● Assigned task
Pictures stay out of the copy. Transcribe exactly the lines from the line with "Representative pictures of" through the final line of the records.

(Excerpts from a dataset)
--*--
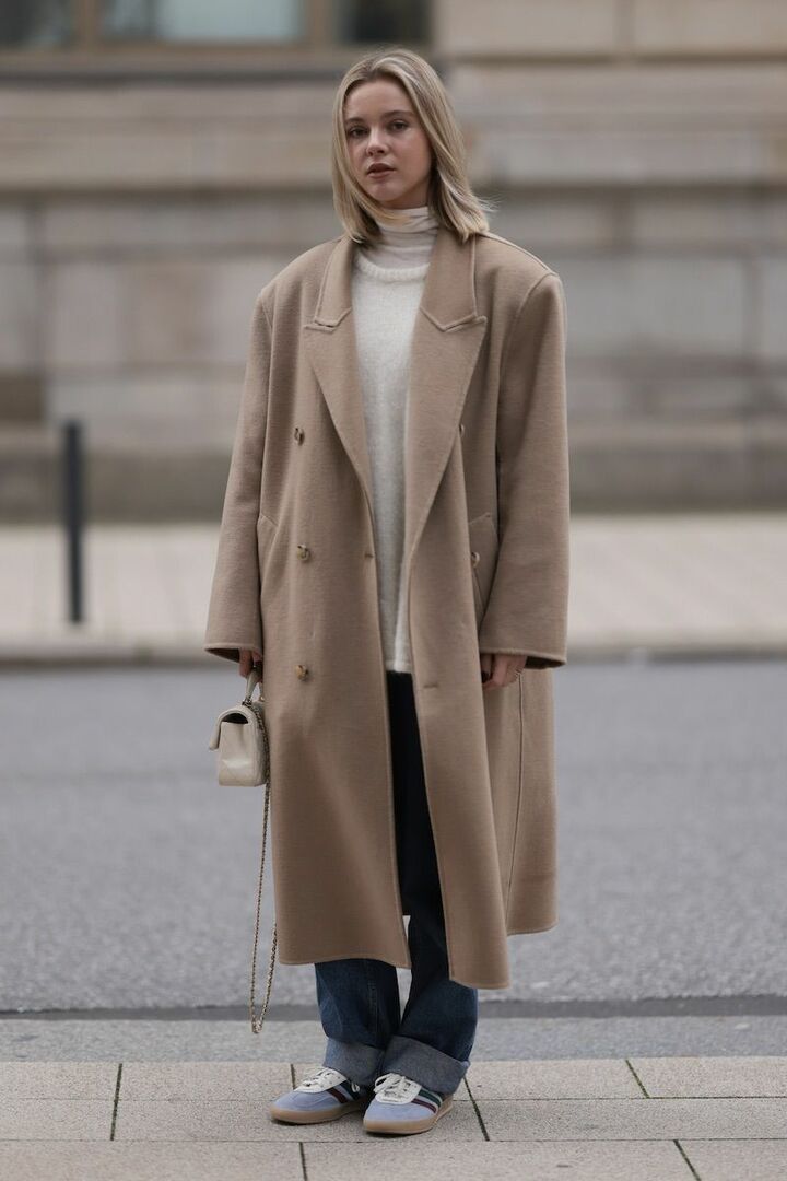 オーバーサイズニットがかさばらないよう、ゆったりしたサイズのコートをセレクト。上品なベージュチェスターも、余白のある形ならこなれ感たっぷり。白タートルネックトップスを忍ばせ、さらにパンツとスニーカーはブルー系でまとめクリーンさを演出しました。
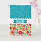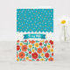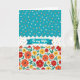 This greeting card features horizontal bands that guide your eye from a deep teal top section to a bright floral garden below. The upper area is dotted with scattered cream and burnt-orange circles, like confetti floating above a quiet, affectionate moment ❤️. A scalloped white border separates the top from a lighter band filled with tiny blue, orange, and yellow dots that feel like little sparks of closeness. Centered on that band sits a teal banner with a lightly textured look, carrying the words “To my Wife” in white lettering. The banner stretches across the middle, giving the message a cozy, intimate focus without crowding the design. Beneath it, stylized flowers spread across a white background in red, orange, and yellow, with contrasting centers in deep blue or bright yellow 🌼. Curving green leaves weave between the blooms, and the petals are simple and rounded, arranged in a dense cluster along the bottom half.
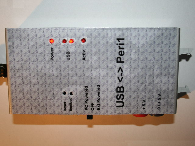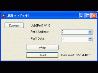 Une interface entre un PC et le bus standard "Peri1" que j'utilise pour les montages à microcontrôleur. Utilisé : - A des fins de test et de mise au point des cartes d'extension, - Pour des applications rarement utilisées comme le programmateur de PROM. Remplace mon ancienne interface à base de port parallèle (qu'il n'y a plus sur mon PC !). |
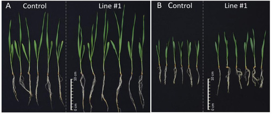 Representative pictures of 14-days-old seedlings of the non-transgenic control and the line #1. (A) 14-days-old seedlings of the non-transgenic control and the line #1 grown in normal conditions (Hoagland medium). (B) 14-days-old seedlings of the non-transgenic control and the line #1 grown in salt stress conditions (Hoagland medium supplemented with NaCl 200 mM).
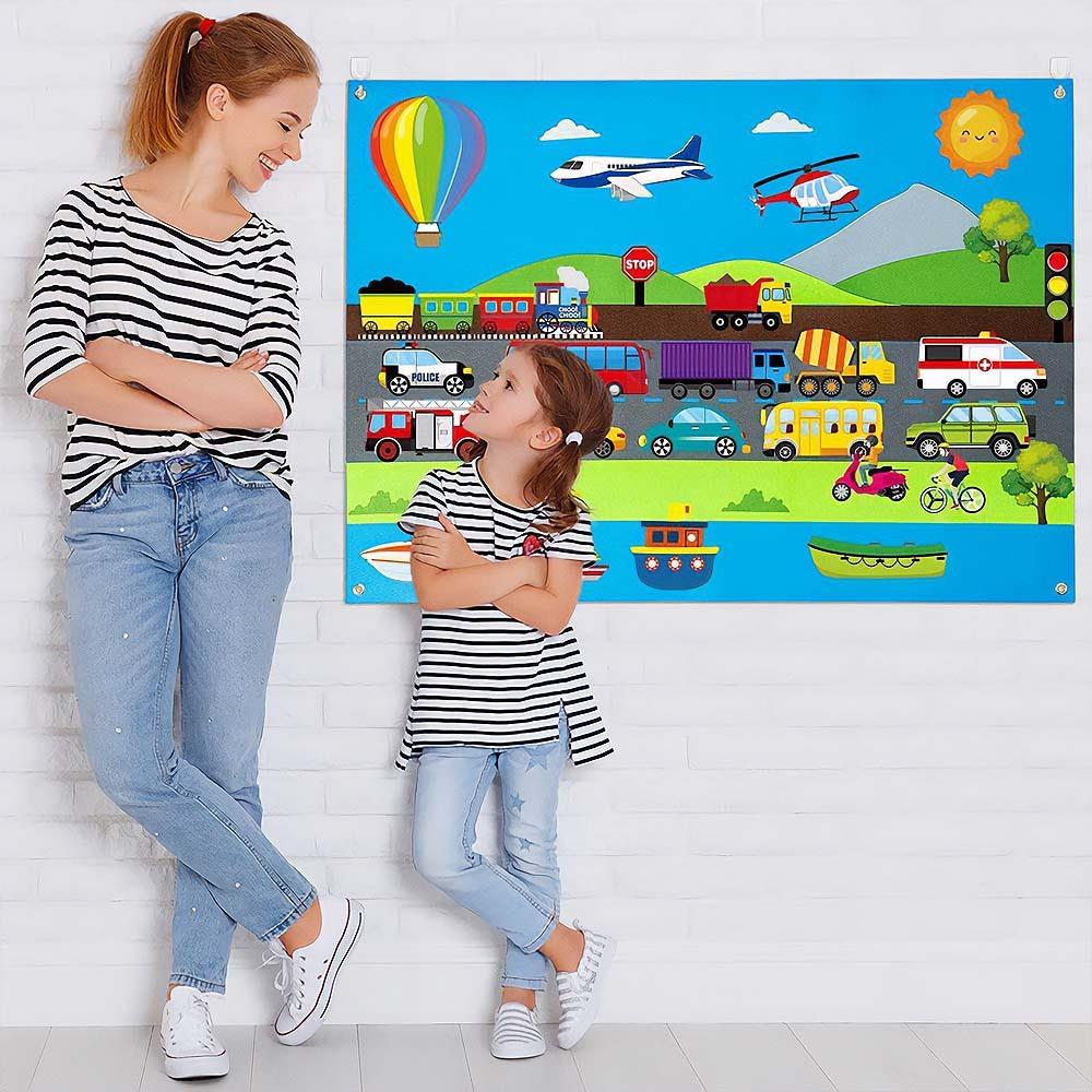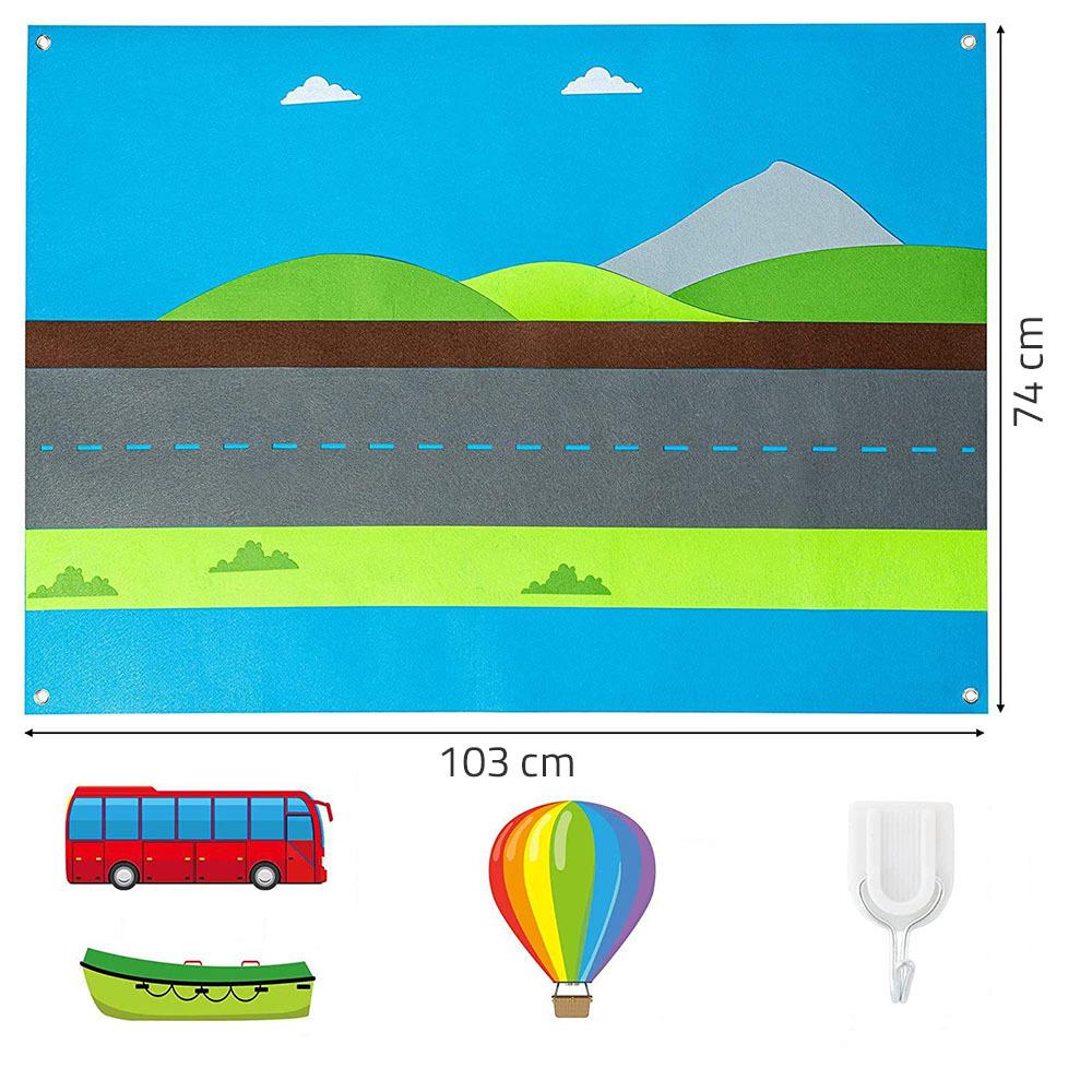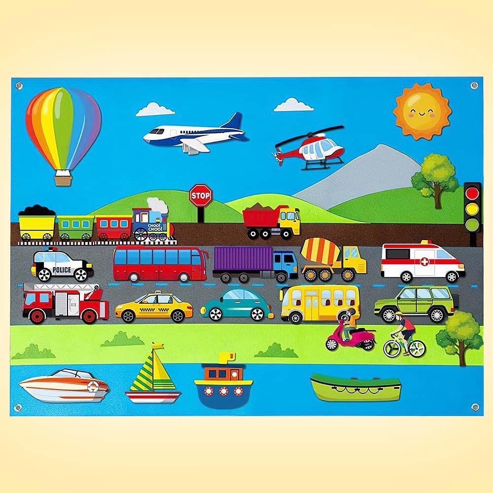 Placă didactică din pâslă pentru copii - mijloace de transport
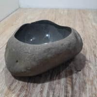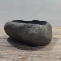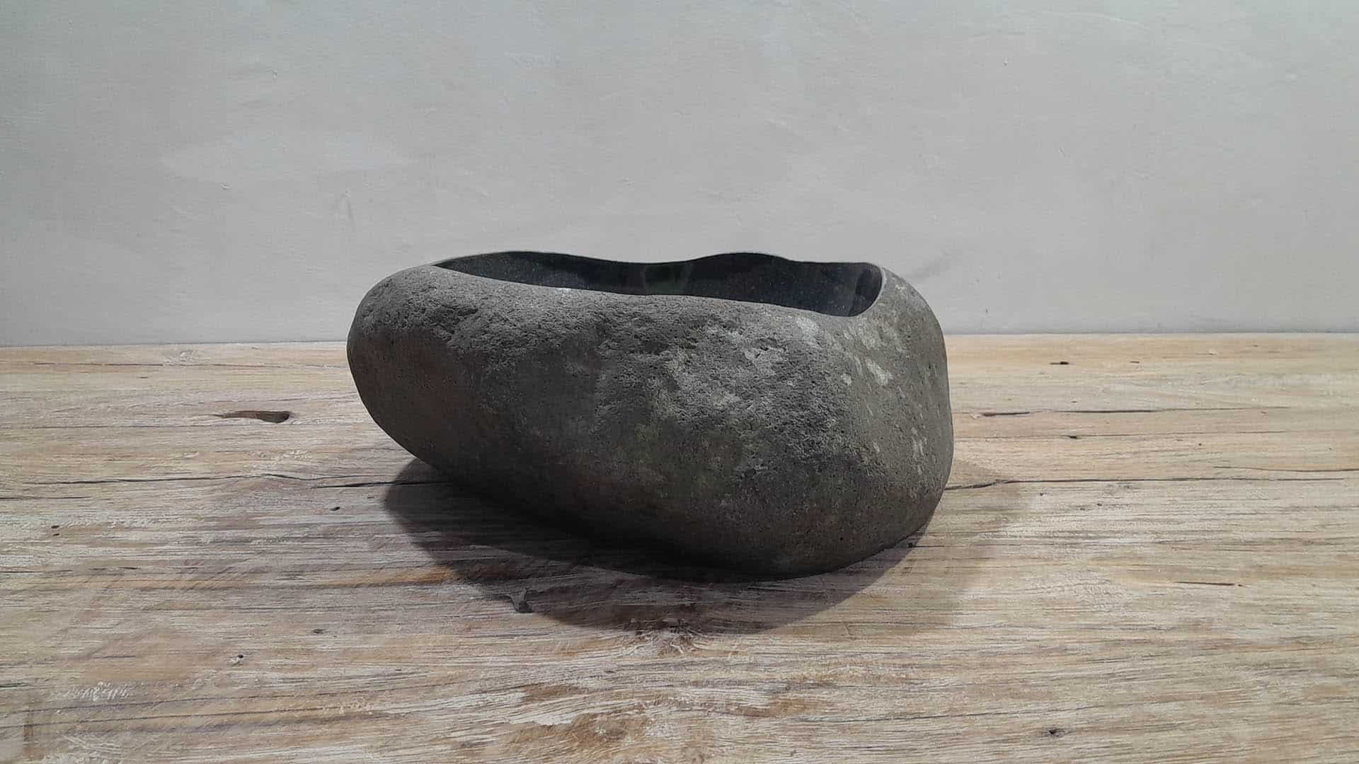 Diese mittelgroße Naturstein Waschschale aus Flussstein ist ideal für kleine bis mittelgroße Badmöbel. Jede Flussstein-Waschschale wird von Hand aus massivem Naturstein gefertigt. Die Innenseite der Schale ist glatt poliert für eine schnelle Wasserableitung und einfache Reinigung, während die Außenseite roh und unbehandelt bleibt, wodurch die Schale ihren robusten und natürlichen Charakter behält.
--*--
● Exercise solution
 Representative pictures of 14-days-old seedlings of the non-transgenic control and the line #1. (A) 14-days-old seedlings of the non-transgenic control and the line #1 grown in normal conditions (Hoagland medium). (B) 14-days-old seedlings of the non-transgenic control and the line #1 grown in salt stress conditions (Hoagland medium supplemented with NaCl 200 mM).
 Placă didactică din pâslă pentru copii - mijloace de transport
 Diese mittelgroße Naturstein Waschschale aus Flussstein ist ideal für kleine bis mittelgroße Badmöbel. Jede Flussstein-Waschschale wird von Hand aus massivem Naturstein gefertigt. Die Innenseite der Schale ist glatt poliert für eine schnelle Wasserableitung und einfache Reinigung, während die Außenseite roh und unbehandelt bleibt, wodurch die Schale ihren robusten und natürlichen Charakter behält.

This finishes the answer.